Reproduce every record below exactly, without the pictures.

◆ ◆ ◆ ◆

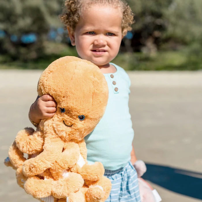 Our gold octopus plush toy is a great friend for your children. OB's sea creature toys are inspired by our coastal home and are a great snuggly friend for your little ones and their adventures. We are passionate about design and use a combination of master craftsmen and high-quality materials to create unique children's toy collections. Each soft toy comes with a sweet and fun bio. Perfect for gifting and a wonderful keepsake. Our soft toys are created for children of varying ages.
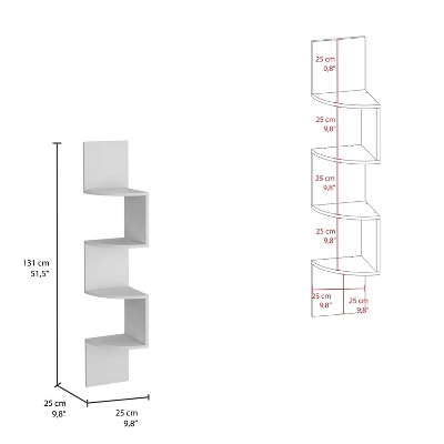 Four Shelving Units: Offers four 9.8″W x 9.8″H shelves, perfect for a variety of decorative displays.Full-Wall Assembly: Seamless wall integration for a clean, floating appearance.Contemporary Finishes: Available in multiple finishes.Corner-Friendly Design: Specifically engineered for wall corners, maximizing space and adding a modern touch.Corner-Friendly Design: Specifically engineered for wall corners, maximizing space and adding a modern touch.Decor and setting objects are not included.
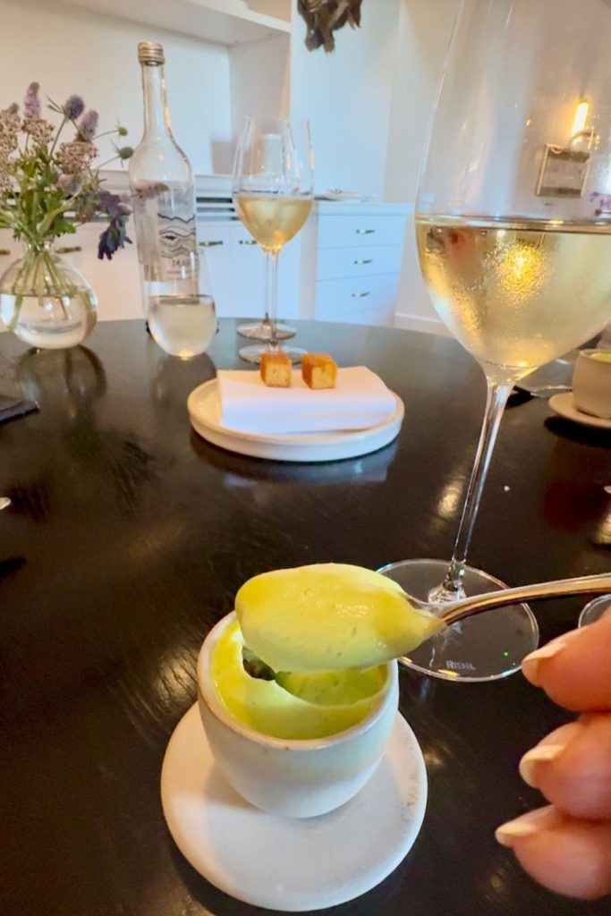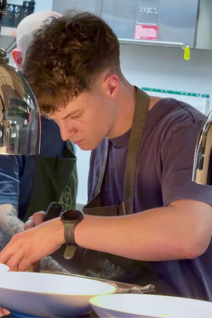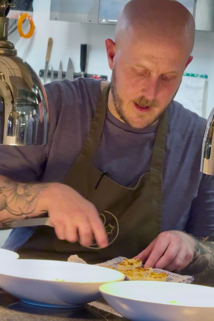 The whole design is open plan and perfect for a fully immersive experience. Close to the bar is a small lounge area with a wood burning stove, this flows seamlessly into the main restaurant area where you will find head chef Chris Archer and his team creating a stunning 8-course tasting menu in an open kitchen.
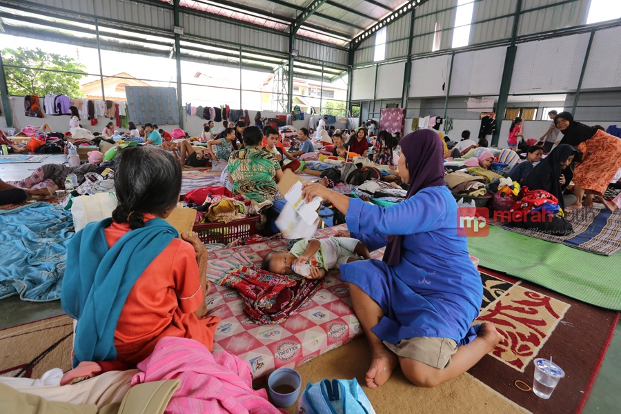 Para pengungsi banjir warga perumahan Total Persada Kota Tangerang telah mengungsi di Gelanggang Olah Raga (GOR) Kelurahan Gembor sejak dini hari tadi pukul 3.00 pagi setelah air sungai melewati tanggul perumahan Total Persada.
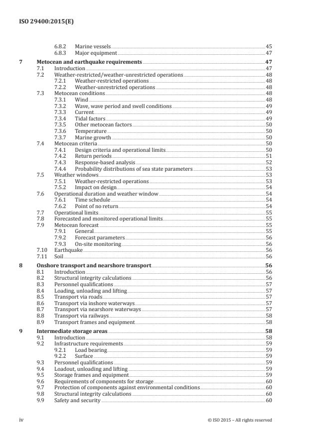 ISO 29400:2015 is a standard published by the International Organization for Standardization (ISO). Its full title is "Ships and marine technology — Offshore wind energy — Port and marine operations". This standard covers: ISO 29400:2015 provides comprehensive requirements and guidance for the planning and engineering of port and marine operations, encompassing all documents and works related to such port and marine operations, e.g. the design and analysis of the components, systems, equipment and procedures required to perform port and marine operations, as well as the methods or procedures developed to carry them out safely. ISO 29400:2015 is intended to be comprehensive, covering all relevant information related to port and marine operations necessary for the installation and maintenance of offshore wind farms. It is not applicable to the case of floating turbines moored to the seabed. This International Standard is applicable to port and marine operations for offshore structures including: - foundations made from steel and concrete gravity base structures (GBS); - piled steel foundation structures; - subsea templates and similar structures applied for pre-piling of foundations; - steel towers, nacelles and blades forming part of the wind turbine generators (WTG); - mobile offshore units (MOU): jackup vessel/self-elevating offshore unit topsides and components of any of the above for offshore substations or offshore accommodations platforms; - array cables within the wind farms as well as export cables connecting the wind farm to the grid. ISO 29400:2015 is also applicable to modifications of existing structures, e.g. installation of additional modules or exchange of components. This International Standard is not applicable to the following operations: - construction activities, e.g. in a fabrication yard onshore, where there is no exposure to the marine environment; - operational and routine activities during the service life of the windfarm related to the technical maintenance works regularly required for the components; - diving; - marine operations related to the operational and routine activities during the service life of the windfarm. ISO 29400:2015 presumes compliance with international, national and local rules and regulations. This International Standard does not replace the applicable rules and regulations.

◆ ◆ ◆ ◆

> [Output below]
 Our gold octopus plush toy is a great friend for your children. OB's sea creature toys are inspired by our coastal home and are a great snuggly friend for your little ones and their adventures. We are passionate about design and use a combination of master craftsmen and high-quality materials to create unique children's toy collections. Each soft toy comes with a sweet and fun bio. Perfect for gifting and a wonderful keepsake. Our soft toys are created for children of varying ages.
 Four Shelving Units: Offers four 9.8″W x 9.8″H shelves, perfect for a variety of decorative displays.Full-Wall Assembly: Seamless wall integration for a clean, floating appearance.Contemporary Finishes: Available in multiple finishes.Corner-Friendly Design: Specifically engineered for wall corners, maximizing space and adding a modern touch.Corner-Friendly Design: Specifically engineered for wall corners, maximizing space and adding a modern touch.Decor and setting objects are not included.
 The whole design is open plan and perfect for a fully immersive experience. Close to the bar is a small lounge area with a wood burning stove, this flows seamlessly into the main restaurant area where you will find head chef Chris Archer and his team creating a stunning 8-course tasting menu in an open kitchen.
 Para pengungsi banjir warga perumahan Total Persada Kota Tangerang telah mengungsi di Gelanggang Olah Raga (GOR) Kelurahan Gembor sejak dini hari tadi pukul 3.00 pagi setelah air sungai melewati tanggul perumahan Total Persada.
 ISO 29400:2015 is a standard published by the International Organization for Standardization (ISO). Its full title is "Ships and marine technology — Offshore wind energy — Port and marine operations". This standard covers: ISO 29400:2015 provides comprehensive requirements and guidance for the planning and engineering of port and marine operations, encompassing all documents and works related to such port and marine operations, e.g. the design and analysis of the components, systems, equipment and procedures required to perform port and marine operations, as well as the methods or procedures developed to carry them out safely. ISO 29400:2015 is intended to be comprehensive, covering all relevant information related to port and marine operations necessary for the installation and maintenance of offshore wind farms. It is not applicable to the case of floating turbines moored to the seabed. This International Standard is applicable to port and marine operations for offshore structures including: - foundations made from steel and concrete gravity base structures (GBS); - piled steel foundation structures; - subsea templates and similar structures applied for pre-piling of foundations; - steel towers, nacelles and blades forming part of the wind turbine generators (WTG); - mobile offshore units (MOU): jackup vessel/self-elevating offshore unit topsides and components of any of the above for offshore substations or offshore accommodations platforms; - array cables within the wind farms as well as export cables connecting the wind farm to the grid. ISO 29400:2015 is also applicable to modifications of existing structures, e.g. installation of additional modules or exchange of components. This International Standard is not applicable to the following operations: - construction activities, e.g. in a fabrication yard onshore, where there is no exposure to the marine environment; - operational and routine activities during the service life of the windfarm related to the technical maintenance works regularly required for the components; - diving; - marine operations related to the operational and routine activities during the service life of the windfarm. ISO 29400:2015 presumes compliance with international, national and local rules and regulations. This International Standard does not replace the applicable rules and regulations.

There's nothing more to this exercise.